È altrettanto normale che un paladino della giustizia sociale ed economica, come Vendola, intrattenga un’amorevole conversazione telefonica, col portavoce dell’odioso (a parole) capitalismo mortifero dell’Ilva, nel corso della quale se la ride ed elogia il comportamento spavaldo, arrogante e maramaldo di quest’ultimo nei confronti d’un giornalista, colpevole d’aver osato esprimere una domanda scomoda.
È normale che un mediocre oppositore come Grillo blateri di democrazia diretta e amministri il suo movimento attraverso un direttorio composto da famigli e sodali.
È normale che, sempre il Partito Democratico, in Sardegna, non abbia a suo tempo mai sollevato obiezioni sul conflitto di interessi di un Renato Soru, laddove alcuni appartenenti alla sua azienda sono stati chiamati a ricoprire ruoli in chiave politica, secondo medesima logica da partito azienda.

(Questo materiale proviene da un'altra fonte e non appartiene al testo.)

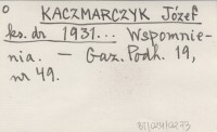 KACZMARCZYK Józef ks. dr 1931... Wspomnienia.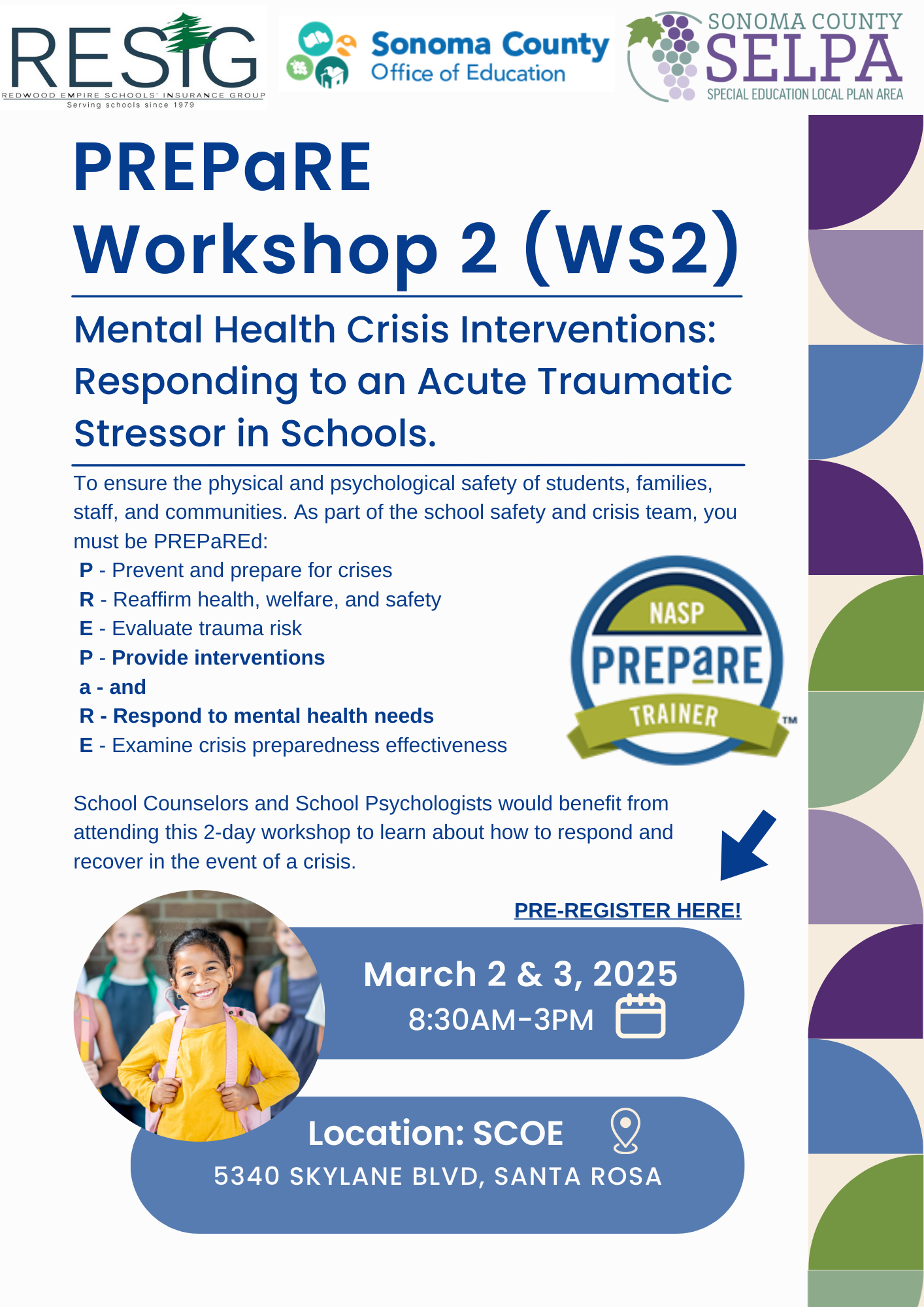 PREPaRE Workshop 2 is appropriate for any individual filling the role of crisis intervention specialist. This includes school mental health staff (school psychologists, social workers, counselors, and nurses), administrators, and other individuals whom the team has identified as appropriate providers of psychological first aid. Additionally, this workshop can be very helpful for community-based mental health practitioners who may work with the school crisis team and/or may be brought into the school to assist in response to a crisis.

È normale che la messinscena del centrodestra, costretto a simulare un’insanabile scissione, si traduca poi nell’ennesima, insanabile anomalia d’un centrodestra riunito e pronto ad immolarsi per la salvezza del suo padrone.
È normale che la Ministra Cancellieri finga d’essere intervenuta per questioni umanitarie sul caso Ligresti e trascuri tutte le altre implicazioni, politiche e personali, che esistono dietro quella vicenda.
Insomma è del tutto normale che un’intera classe politica e dirigente continui ad esibirsi in finzioni, bugie, simulazioni, pantomime e possa impunemente menar vanto delle sue consuete ed abusate parole al vento.
E questi erano solo pochi esempi offerti dall’inqualificabile spettacolo della politica.
Poche gocce di quell’amaro che quotidianamente siamo chiamati ad ingoiare.